Convert PDF to HTML in Java

Aspose.PDF for Java supports HTML export with options for images, SVG, page splitting, transparency, and layer rendering.

Convert PDF to HTML

Use this example when a PDF should be exported to a standard HTML document.

  1. Open the source PDF document.
  2. Configure the default HTML save options.
  3. Save the generated HTML output.
public static void convertPdfToHtml(Path inputFile, Path outputFile) {
       saveDocument(inputFile, outputFile, new HtmlSaveOptions());
   }

Convert PDF to HTML and store images separately

Use this example when extracted images should be written as separate files during HTML export.

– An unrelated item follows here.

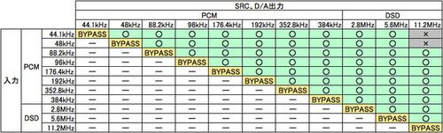 アップサンプリングの仕様は、PCM 44.1/48kHzをDSD 5.6MHzまで、PCM 88.2/96/176.4/192/352.8/384kHzをDSD 11.2MHzまで、DSD 2.8/5.6MHzをDSD 11.2MHzまでアップサンプリングできる。なお、例えば192kHz音源を44.1kHz音源へ変換するといったような、ダウンコンバート機能には対応していない。そのほか、選択できるサンプリングレート/フォーマットには一部制限がある。詳しくは以下の「SRCモード対応表」を参照のこと。

  1. Open the source PDF document.
  2. Configure HTML save options for external image storage.
  3. Save the HTML output and generated image assets.
public static void convertPdfToHtmlStoringImages(Path inputFile, Path outputFile) {
    HtmlSaveOptions saveOptions = new HtmlSaveOptions();
    saveOptions.setSpecialFolderForAllImages(inputFile.getParent().resolve("images").toString());
    saveDocument(inputFile, outputFile, saveOptions);
}

Convert PDF to multi-page HTML

Use this example when each PDF page should be represented separately in HTML output.

  1. Open the source PDF document.
  2. Set the HTML save options for multi-page mode.
  3. Save the generated HTML files.
public static void convertPdfToHtmlMultiPage(Path inputFile, Path outputFile) {
    HtmlSaveOptions saveOptions = new HtmlSaveOptions();
    saveOptions.setSplitIntoPages(true);
    saveDocument(inputFile, outputFile, saveOptions);
}

Convert PDF to HTML and store SVG separately

Use this example when vector content should be emitted as separate SVG resources.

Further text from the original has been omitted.